Restate the data word for word. Leave the pictures out.

• **Collected data**:
:::

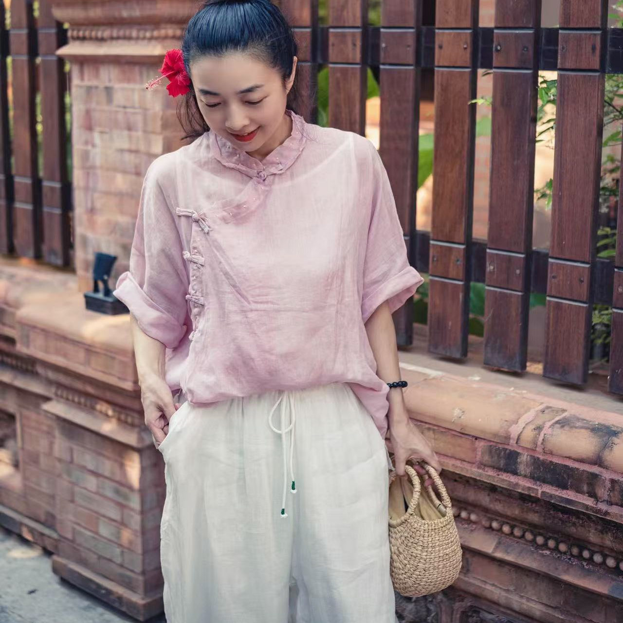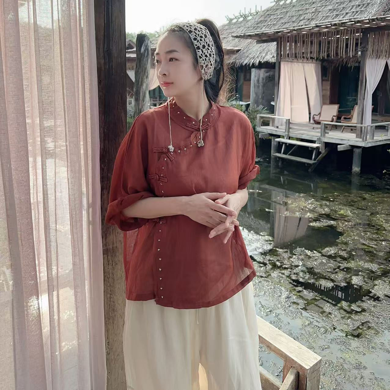 特价清仓换季清仓苎麻绣线中式国风衬衫复古禅意茶服上衣女
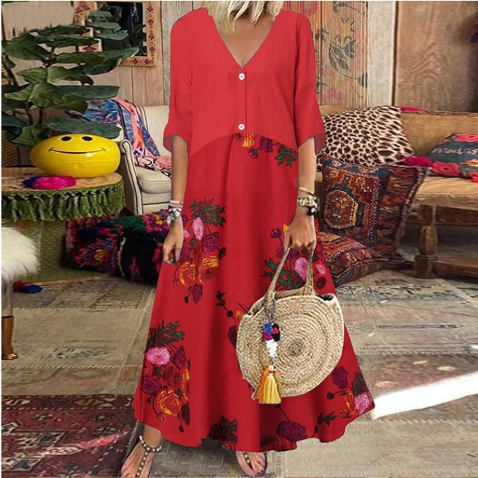 Women Stiching Sundress Elegant Summer Shirt Dress Half Sleeve Printed Maxi Vestidos Female V Neck Robe
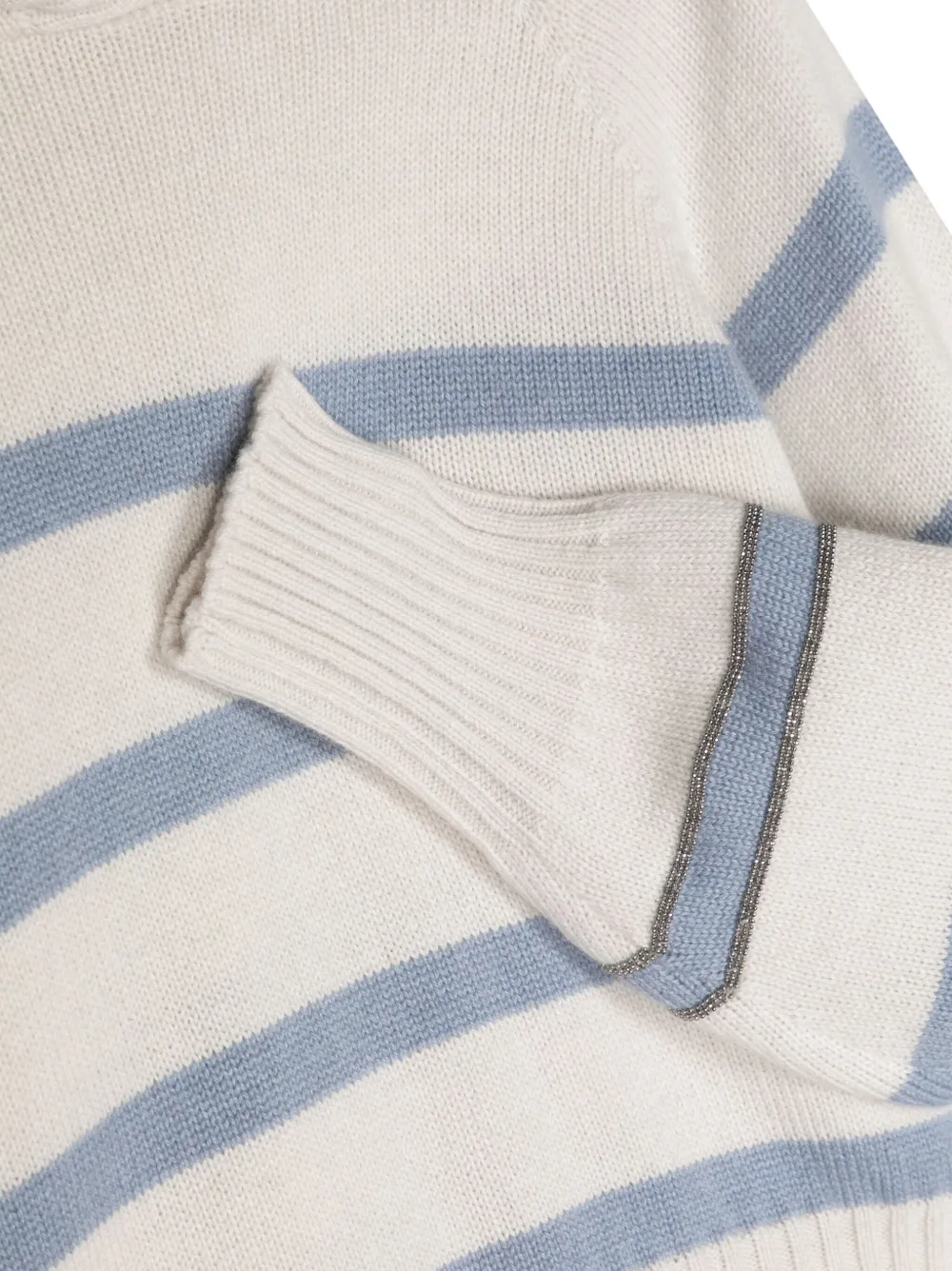 Белый, голубой, кашемир, узор в горизонтальную полоску, тонкая вязка, люрекс, классический капюшон, рукава реглан и прямой подол.

:::

• **Written response**:
 特价清仓换季清仓苎麻绣线中式国风衬衫复古禅意茶服上衣女
 Women Stiching Sundress Elegant Summer Shirt Dress Half Sleeve Printed Maxi Vestidos Female V Neck Robe
 Белый, голубой, кашемир, узор в горизонтальную полоску, тонкая вязка, люрекс, классический капюшон, рукава реглан и прямой подол.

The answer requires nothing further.